PROMPT:
Each line from the top of the listing through the one holding "手芸と同じく音楽好きもたくさ" should be restated word for word, with nothing added and no pictures.

(DATASET CONTENT Opens)

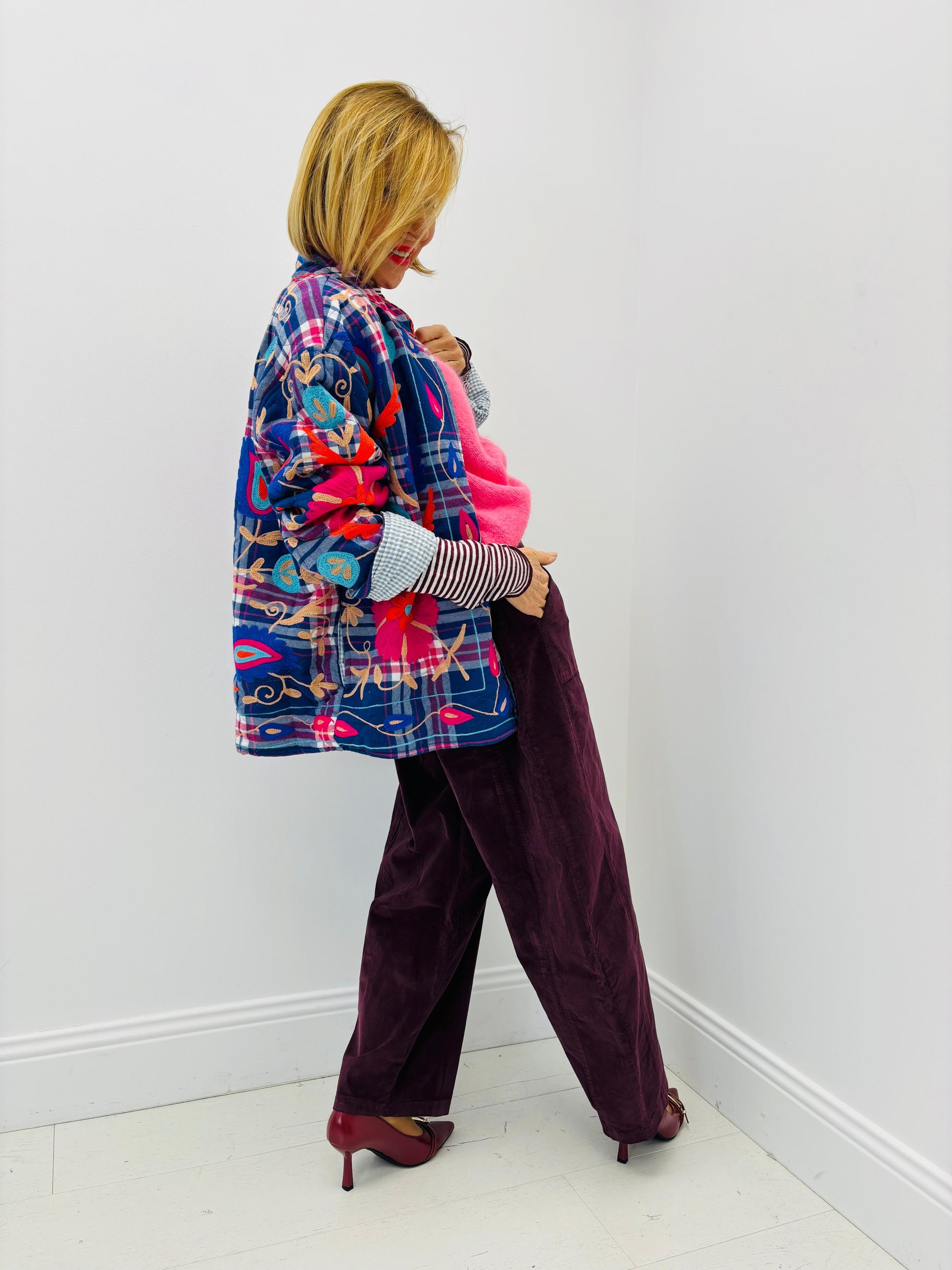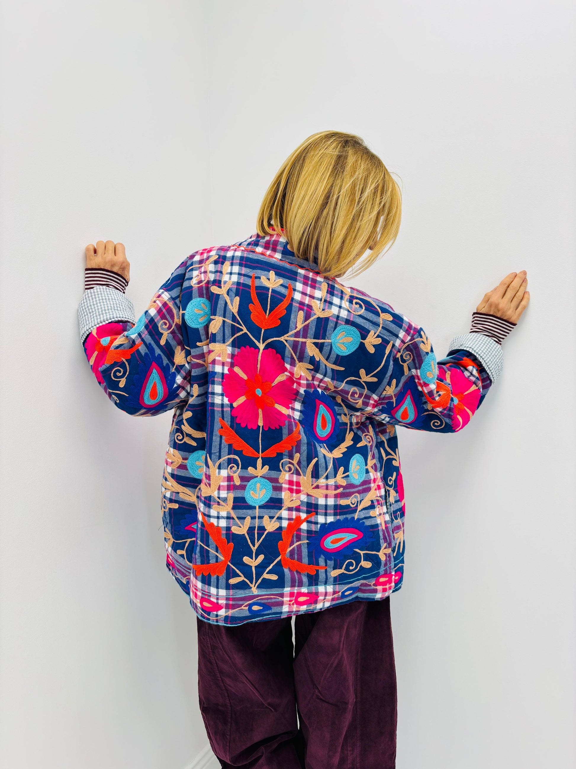 Um casaco que é pura expressão artística — vibrante, original e impossível de passar despercebido. O Casaco Funky Flora combina padrão xadrez com bordados florais intensos, criando uma peça única que transforma qualquer look numa afirmação de estilo.
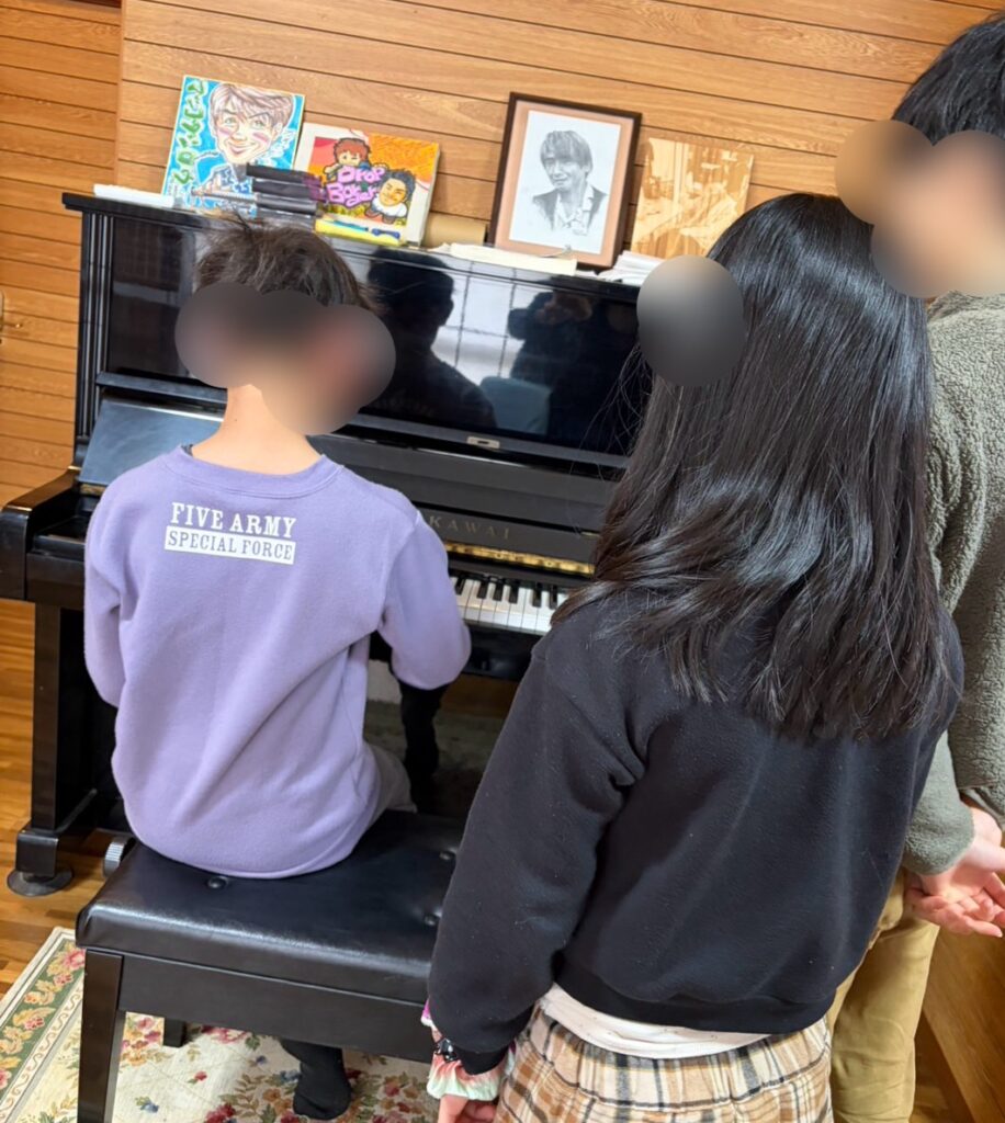 手芸と同じく音楽好きもたくさんのえーぽいんと。自慢の音楽室では、男子2人がピアノでコラボ。ゲーム音楽を弾いてくれました。それが高じて、ドラムで太鼓の達人もどきに。賑やかでした。
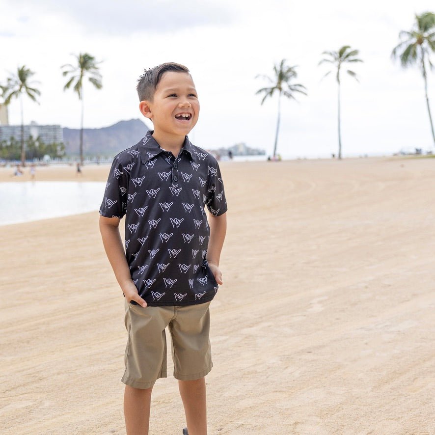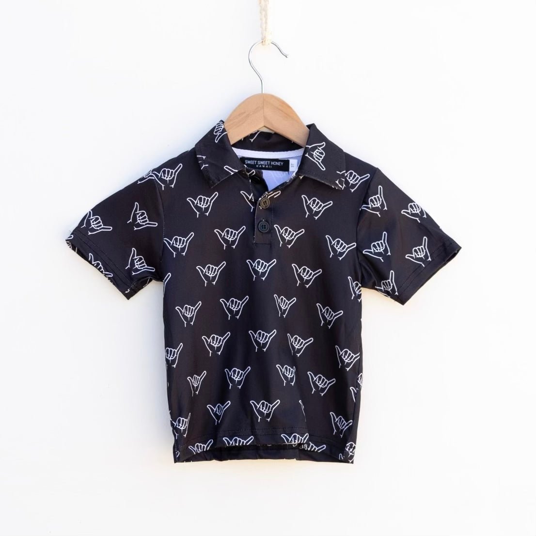 This Black Shaka Collared Shirt is perfect for little boys. It's lightweight and stretchy, making it comfortable to wear for any occasion, whether it's casual or dressed up. It's a must-have for any wardrobe!Made with Cotton Jersey Fabric, Extra buttery Soft & Stretchy

(DATASET CONTENT Closes)

REPLY TO THE EXERCISE:
 Um casaco que é pura expressão artística — vibrante, original e impossível de passar despercebido. O Casaco Funky Flora combina padrão xadrez com bordados florais intensos, criando uma peça única que transforma qualquer look numa afirmação de estilo.
 手芸と同じく音楽好きもたくさんのえーぽいんと。自慢の音楽室では、男子2人がピアノでコラボ。ゲーム音楽を弾いてくれました。それが高じて、ドラムで太鼓の達人もどきに。賑やかでした。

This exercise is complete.